§ **What you have to do**
Go through the records below and set each one down exactly, leaving out any pictures.

:::

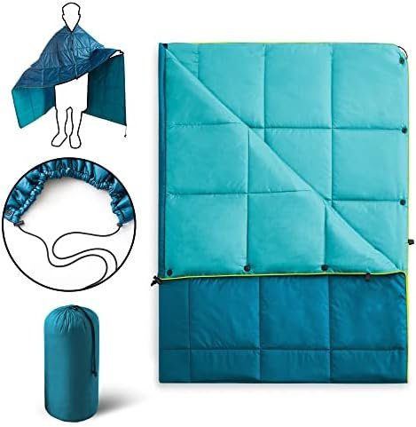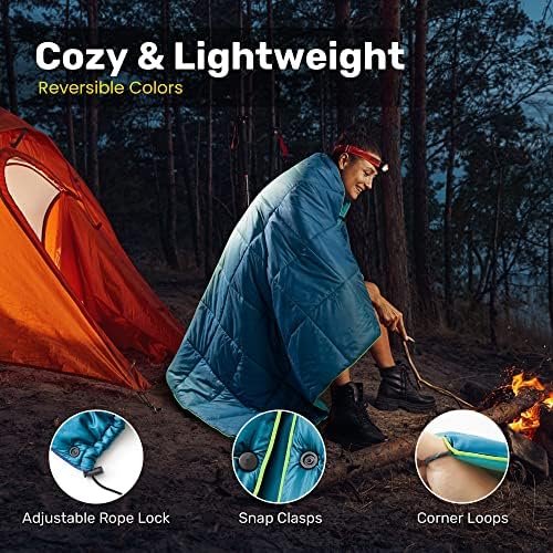 MULTIFUNCTIONAL – The ultralight packable down alternative puffy camping blanket have corner loops, buttons and elastic straps, this blanket can be used as quilt, poncho, shawl, temporary sleeping bag. allow you to stake the portable blanket into the ground, tent or RV.
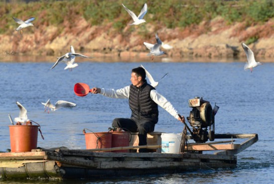 2025年12月10日,福建省漳州市佛昙镇东坂村河豚养殖户在给河豚投喂食物。新华社记者 魏培全 摄
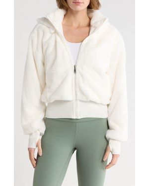 Faux Fur Zip Jacket With Removable Hood - White
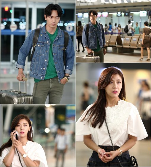 9일 ‘너를 사랑한 시간’ 측이 공개한 사진에서 오하나(하지원)와 최원(이진욱)은 공항에 있다.
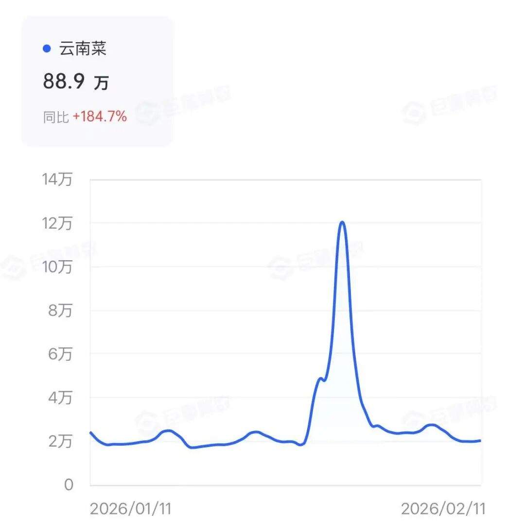 抖音指数显示,今年以来“云南菜”搜索指数同比增长高达184%,越来越多消费者被其鲜明的酸辣鲜香、山野气息以及独特的地域食材所吸引。
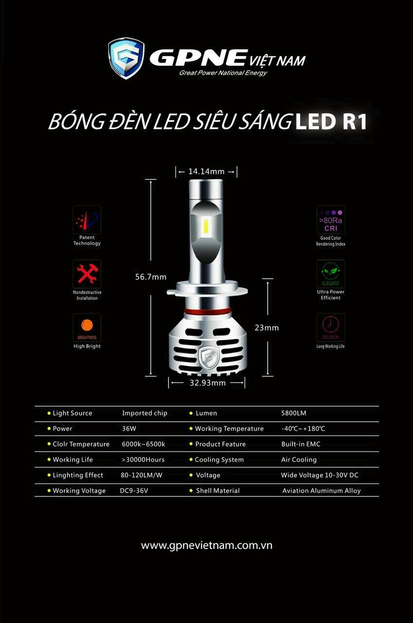 Thông tin bóng led GPNE LED R1/R3 là giải pháp tăng sáng SỐ 1 cho đèn pha ôtô. Tự tin là sản phẩm đèn LED với chất lượng hàng đầu hiện nay, LED R1/R3 thương hiệu GPNE hoàn toàn dẫn đầu cuộc đua về độ sáng, độ bền so với các sản phẩm LED khác trên thị trường.
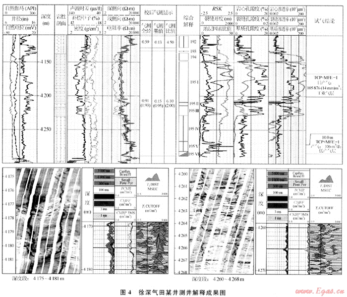 利用上述方法編制常規(guī)測(cè)井資料識(shí)別裂縫發(fā)育程度評(píng)價(jià)程序和裂縫參數(shù)計(jì)算程序,并對(duì)研究區(qū)若干井進(jìn)行了計(jì)算,圖4是其中一口井的處理解釋結(jié)果:195Ⅰ層TCP+MFE-Ⅰ測(cè)試,日產(chǎn)氣105876m3,該層地層因數(shù)比值為15.6,裂縫角度指示參數(shù)為1.9,顯示該層高角度裂縫較發(fā)育,裂縫張開度1150.5μm,裂縫孔隙度0.11%,裂縫滲透率310.9×10-3μm2,F(xiàn)MI圖像顯示195Ⅰ層垂直縫和高角度縫發(fā)育,核磁測(cè)井T2分布譜顯示為30ms以上的大孔隙,表明本層裂縫提供了極好的流體滲流通道,使得儲(chǔ)層在自然測(cè)試時(shí)能達(dá)到高產(chǎn)。下部195Ⅴ、195Ⅵ兩層地層因數(shù)比值29.9,裂縫角度指示參數(shù)0.5,顯示該段地層發(fā)育40°~70°的傾斜裂縫,測(cè)井計(jì)算的裂縫張開度為9.8μm,裂縫孔隙度0.02%,裂縫滲透率0.002×10-3μm2,表明該段地層裂縫雖然發(fā)育,但為無(wú)效縫或裂縫的徑向延伸較淺,沒有起到溝通流體滲流通道的作用,對(duì)產(chǎn)能沒有貢獻(xiàn)。FMI圖像顯示195Ⅴ、195Ⅵ兩層存在誘導(dǎo)縫特征,徑向延伸短,裂縫開度小,是無(wú)效縫。核磁測(cè)井T2分布譜顯示小于30ms的束縛水孔隙,地層裂縫被低阻泥質(zhì)充填。該段地層經(jīng)TCP+MFE-Ⅰ測(cè)試,日產(chǎn)氣106m3。
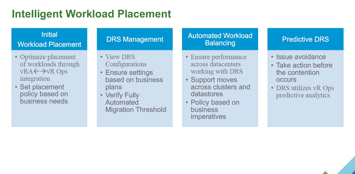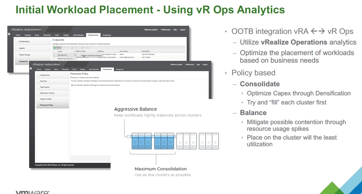 - Proper Initial Placement – Utilize Operations analytics to optimize placement of workloads through vRA
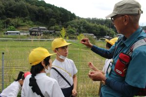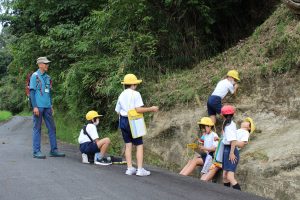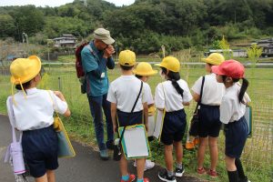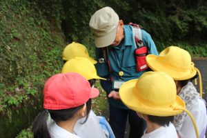 総合的な学習の時間で、6月に岐阜県環境教育推進委員の伊藤さんと日吉の川について調べた5年生が、今回は日吉の山と里について調べるために、3時間かけて学校周りの山や自然の散策をしました。子どもたちは伊藤さんの説明を聞きながら、普段は見過ごしている日吉の自然について新しい発見をすることができました。今後5年生は、間伐体験を行い、日吉の環境についてまとめていきます。
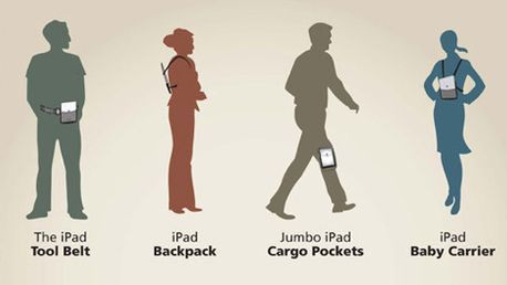 Zapomnijmy na chwilę o dyskusji na temat możliwości iPada i stosunku jego ceny do tego co oferuje. Skupmy się na (z pozoru) prostszym zagadnieniu. Powyższa grafika przedstawia niektóre z możliwych sposobów noszenia iPada. Resztę znajdziecie w dalszej części wpisu.
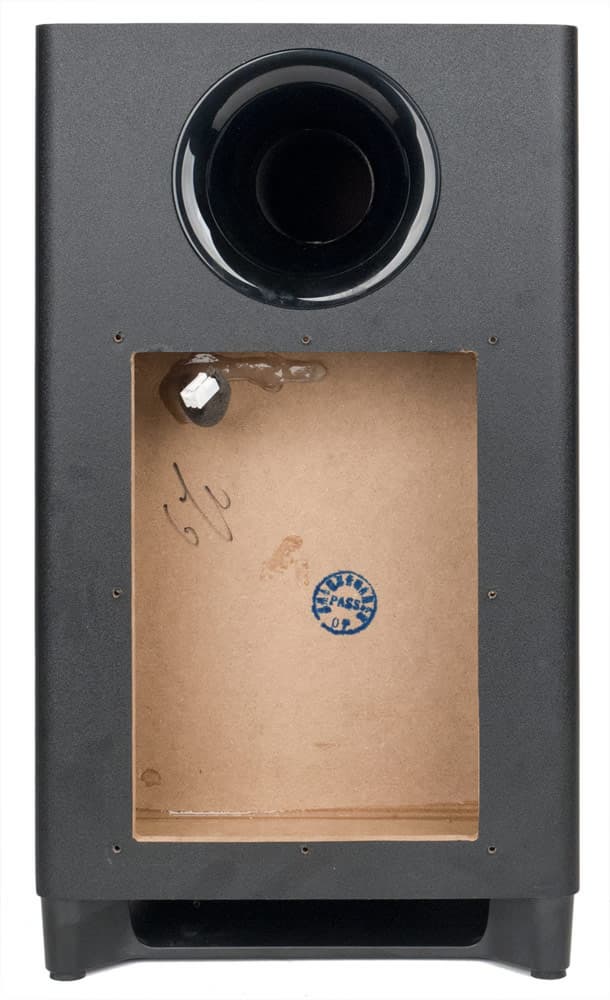 Для корпуса сабвуфера использован 9-миллиметровый MDF — по меньшей мере, наружные стенки имеют такую толщину, сделать замер для внутренних перегородок не представляется возможным.

:::

§ **Response**
 MULTIFUNCTIONAL – The ultralight packable down alternative puffy camping blanket have corner loops, buttons and elastic straps, this blanket can be used as quilt, poncho, shawl, temporary sleeping bag. allow you to stake the portable blanket into the ground, tent or RV.
 2025年12月10日,福建省漳州市佛昙镇东坂村河豚养殖户在给河豚投喂食物。新华社记者 魏培全 摄
 Faux Fur Zip Jacket With Removable Hood - White
 9일 ‘너를 사랑한 시간’ 측이 공개한 사진에서 오하나(하지원)와 최원(이진욱)은 공항에 있다.
 抖音指数显示,今年以来“云南菜”搜索指数同比增长高达184%,越来越多消费者被其鲜明的酸辣鲜香、山野气息以及独特的地域食材所吸引。
 Thông tin bóng led GPNE LED R1/R3 là giải pháp tăng sáng SỐ 1 cho đèn pha ôtô. Tự tin là sản phẩm đèn LED với chất lượng hàng đầu hiện nay, LED R1/R3 thương hiệu GPNE hoàn toàn dẫn đầu cuộc đua về độ sáng, độ bền so với các sản phẩm LED khác trên thị trường.
 利用上述方法編制常規(guī)測(cè)井資料識(shí)別裂縫發(fā)育程度評(píng)價(jià)程序和裂縫參數(shù)計(jì)算程序,并對(duì)研究區(qū)若干井進(jìn)行了計(jì)算,圖4是其中一口井的處理解釋結(jié)果:195Ⅰ層TCP+MFE-Ⅰ測(cè)試,日產(chǎn)氣105876m3,該層地層因數(shù)比值為15.6,裂縫角度指示參數(shù)為1.9,顯示該層高角度裂縫較發(fā)育,裂縫張開度1150.5μm,裂縫孔隙度0.11%,裂縫滲透率310.9×10-3μm2,F(xiàn)MI圖像顯示195Ⅰ層垂直縫和高角度縫發(fā)育,核磁測(cè)井T2分布譜顯示為30ms以上的大孔隙,表明本層裂縫提供了極好的流體滲流通道,使得儲(chǔ)層在自然測(cè)試時(shí)能達(dá)到高產(chǎn)。下部195Ⅴ、195Ⅵ兩層地層因數(shù)比值29.9,裂縫角度指示參數(shù)0.5,顯示該段地層發(fā)育40°~70°的傾斜裂縫,測(cè)井計(jì)算的裂縫張開度為9.8μm,裂縫孔隙度0.02%,裂縫滲透率0.002×10-3μm2,表明該段地層裂縫雖然發(fā)育,但為無(wú)效縫或裂縫的徑向延伸較淺,沒有起到溝通流體滲流通道的作用,對(duì)產(chǎn)能沒有貢獻(xiàn)。FMI圖像顯示195Ⅴ、195Ⅵ兩層存在誘導(dǎo)縫特征,徑向延伸短,裂縫開度小,是無(wú)效縫。核磁測(cè)井T2分布譜顯示小于30ms的束縛水孔隙,地層裂縫被低阻泥質(zhì)充填。該段地層經(jīng)TCP+MFE-Ⅰ測(cè)試,日產(chǎn)氣106m3。
 - Proper Initial Placement – Utilize Operations analytics to optimize placement of workloads through vRA
 総合的な学習の時間で、6月に岐阜県環境教育推進委員の伊藤さんと日吉の川について調べた5年生が、今回は日吉の山と里について調べるために、3時間かけて学校周りの山や自然の散策をしました。子どもたちは伊藤さんの説明を聞きながら、普段は見過ごしている日吉の自然について新しい発見をすることができました。今後5年生は、間伐体験を行い、日吉の環境についてまとめていきます。
 Zapomnijmy na chwilę o dyskusji na temat możliwości iPada i stosunku jego ceny do tego co oferuje. Skupmy się na (z pozoru) prostszym zagadnieniu. Powyższa grafika przedstawia niektóre z możliwych sposobów noszenia iPada. Resztę znajdziecie w dalszej części wpisu.
 Для корпуса сабвуфера использован 9-миллиметровый MDF — по меньшей мере, наружные стенки имеют такую толщину, сделать замер для внутренних перегородок не представляется возможным.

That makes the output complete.